We were watching a popular Netflix series when the main character checked out a text on her phone. Stop action. Freeze. Let me walk up to the screen and see what the heck it says.
“What director thought it was a good idea to make the tiny phone screen an important character in this show?” That was the question I asked my man as I walked back to my recliner after reading the fine print.
He always hates it when I get agitated during a series or movie, and it has nothing to do with the plot.
“Beat’s me,” he responded.
Of course he didn’t know.
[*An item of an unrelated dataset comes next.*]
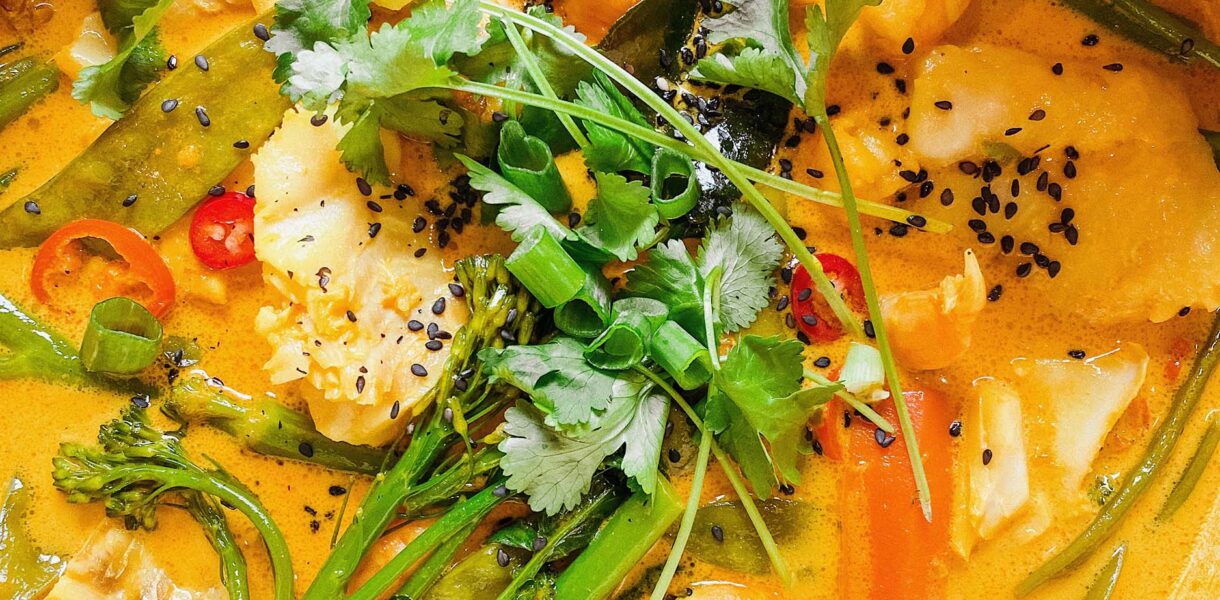 W dłużnym, żeliwnych garnku rozgrzewamy olej kokosowy i wrzucamy czosnek, świeżą kurkumę, kurkumę w proszku, trawę cytrynową, listki limonki oraz imbir. Mieszamy chwilę, około 2-3 minuty, a następnie zalewamy bulionem oraz mlekiem kokosowym. Dodajemy brokuły, marchewkę i groszek cukrowy oraz 2 chili pokrojone w plasterki. Gotujemy kolejne 2 minuty. Następnie delikatnie wkładamy filety ryby i krewetki, tak aby lekko były zanurzone. Już nie mieszamy curry, możemy delikatnie poruszać garnkiem. Gotujemy około 5-7 minut. Doprawiamy sosem rybnym. Curry podajemy z ryżem. Przed podaniem dekorujemy szczypiorkiem, chili, sezamem oraz kolendrą. Jeżeli sos wydaje nam się za mało gęsty, możemy zagęścić wodą z mąką ziemniaczaną.
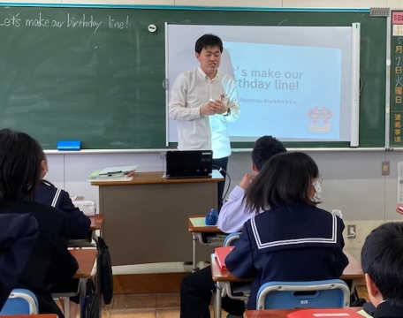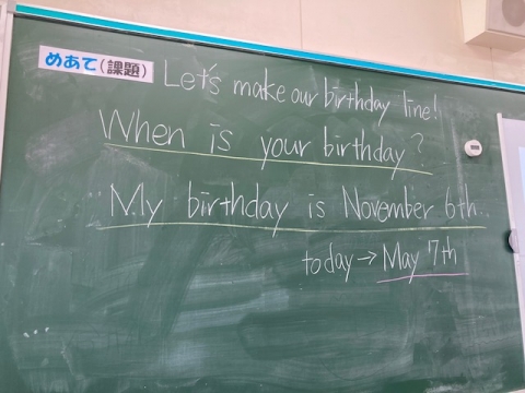 1年生の英語です。お誕生日のメッセージLINEを作るのかと思ったら、違いました。お誕生日をお互いに訊き合って、誕生日順に並ぶというactivityを通した、お誕生日の訊き方、日付の言い方の学習でした。

There was no rational answer.
Did it occur to the director that we might have problems trying to make out the tiny letters on our sixty-five-inch TV from twelve feet away? He or she obviously didn’t give it one thought. It was so “authentic.” So today. It might be all those things, but that didn’t make it any easier to read.
There’s a chance that using text messages as part of the plot might work if everyone went to the movie theater, and the cell phone was twenty times its normal size. But that’s not how most people watch a film these days.
Am I the only one who has this problem, I wandered?
I checked with my son. “It depends on the clarity of the message,” he texted back. “Sometimes it’s difficult to read.”
My 19-year-old grandson admitted that he also struggles. “It happens a lot. It’s so frustrating. Why put something in a movie that people can’t fully see? It’s always seemed stupid to me.”
Smart kid.
A survey of the four people we had dinner with last night yielded the same response. Using a cell phone to convey a message in a series or movie just doesn’t work.
Equally frustrating is closed-captioning, which becomes more important the older you get.
The other night we watched Kandahar with Gerard Butler on Netflix and every Scottish-sounding syllable that came out of his mouth was perfectly captured and displayed for us to read. There wasn’t a lot of dialogue, but when you’re watching Gerard Butler, who cares?
Then we tried to watch Bad Monkey on Apple TV. The print was small. Whole sentences and thoughts were lost as the closed captioning wrestled with keeping up with the dialogue. Although we got the gist of what was happening, the subtleties of conversation were lost on both of us. And I can hear . . . most of the time.
If there is a closed captioning war taking place between Netflix and Apple TV, Netflix is the clear winner time and time again.
Maybe AI needs to tackle the closed captioning problem. That would be a true test of its capabilities. And as for my question about using text messages to move a plot along, there seems to be only one answer. Don’t do it.